What I found out was that, when it comes to astronomy, my mind isn't
designed the way it needs to be to locate things. Going from star maps
to the sky often involved some kind of transposition — and then if I
had the wrong lens on, everything was transposed yet again. I could
never find anything. Then the Challenger exploded and Halley's Comet
turned out to be a big zero -- meaning that by the time I got to
college, that ambition had basically played out. Nearly flunking
calculus was the final straw, sending me across campus to the
journalism school.
A decade later, we'd had Comets Hale-Bopp and Hyakutake pay a call --
and I gave it another try with a new, better telescope. The result was
pretty much the same -- and the telescope headed for its date with a
garage sale. But I did get one thing out of it -- as a subscriber to
Astronomy magazine, I won a drawing for a T-shirt for the comet movie Deep Impact.
Insert you own "I sought after the universe and all I got was this
lousy T-shirt" joke here!
The movie itself is no masterpiece (though it's loads better than Armageddon,
out around the same time) but they did get expert advice on what
conditions might exist on a comet. Done today, they'd know more --
thanks to a real-life probe named (perhaps not coincidentally) Deep
Impact, which struck a comet with an impactor and observed the results.

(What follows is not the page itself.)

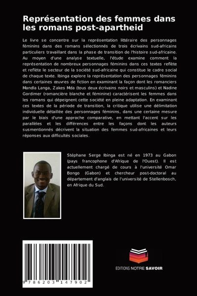 Le livre se concentre sur la représentation littéraire des personnages féminins dans des romans sélectionnés de trois écrivains sud-africains particuliers travaillant dans la phase de transition de l'histoire sud-africaine. Au moyen d'une analyse textuelle, l'étude examine comment la représentation de nombreux personnages féminins dans ces textes reflète et reflète le secteur de la société sud-africaine qui constitue le cadre social de chaque texte. Ibinga explore la représentation des personnages féminins dans certaines oeuvres de fiction en examinant la façon dont les romanciers Mandla Langa, Zakes Mda (tous deux écrivains noirs et masculins) et Nadine Gordimer (romancière blanche et féminine) caractérisent les femmes dans les romans qui dépeignent cette société en pleine adaptation. En examinant ces textes de la période de transition, la critique utilise une délimitation individuelle détaillée des personnages féminins, dans une certaine mesure par le biais d'une approche comparative, en mettant l'accent sur les parallèles et les différences entre les façons dont les auteurs susmentionnés décrivent la situation des femmes sud-africaines et leurs réponses aux difficultés sociales.

It's clear that comets are interesting, volatile environments -- and
while I'd included a comet in an issue of Iron Man,
I really wanted to set an adventure on one at some point.
Thus the dust-divers of "The Reaping" were born, illustrating yet one
more circumstance in which living slaves might be seen as superior to
droids. Combine low gravity with the porous surface of a warming comet
waiting to erupt, and you've got fun waiting to happen. Hit another
plan of Zayne's with a serious hitch -- the number of people to be
saved -- and the fun keeps on rolling.
Bong Dazo really delivered, providing really cool visuals for some
challenging sequences.
TRIVIA
- My original idea for the title had been "Cold
Harvest," but Dark Times
was already doing "Blue Harvest." This one works just as well.
- It
occured to me that the thorilide crystals would need to be tiny and
fragile, easily ruined by a change in state of the surrounding material
-- otherwise there'd be no reason not to simply destroy the comet and
filter the remains. Likewise, the crevices created during sunward
heating made for a good reason to catch the comets in their orbits,
rather than rerouting them to some holding area where they could be
picked clean at the miners' leisure. This way, nature opens the comet
for them.
- Qohn is a Nazzar, a sort of horse-faced critter
from the Ultimate Alien
Anthology.
- The "high-end customer" reference takes us back
to "Dueling Ambitions."
- I
haven't counted the number of divers in the Ready Room and leaving the
surface of the comet, but it's pretty close to the actual number.
Bong's inclusion of the child slave being helped into his/her suit was
a really nice touch!
- I imagined the double-page spread as being
a companion piece, in a round-about way, of the spread on the Rogue
Moon in #3. I'll
leave the thematic implications to the reader to
interpret, but it's really fun looking at them together!
- Finally... the Gladiator has been seen before.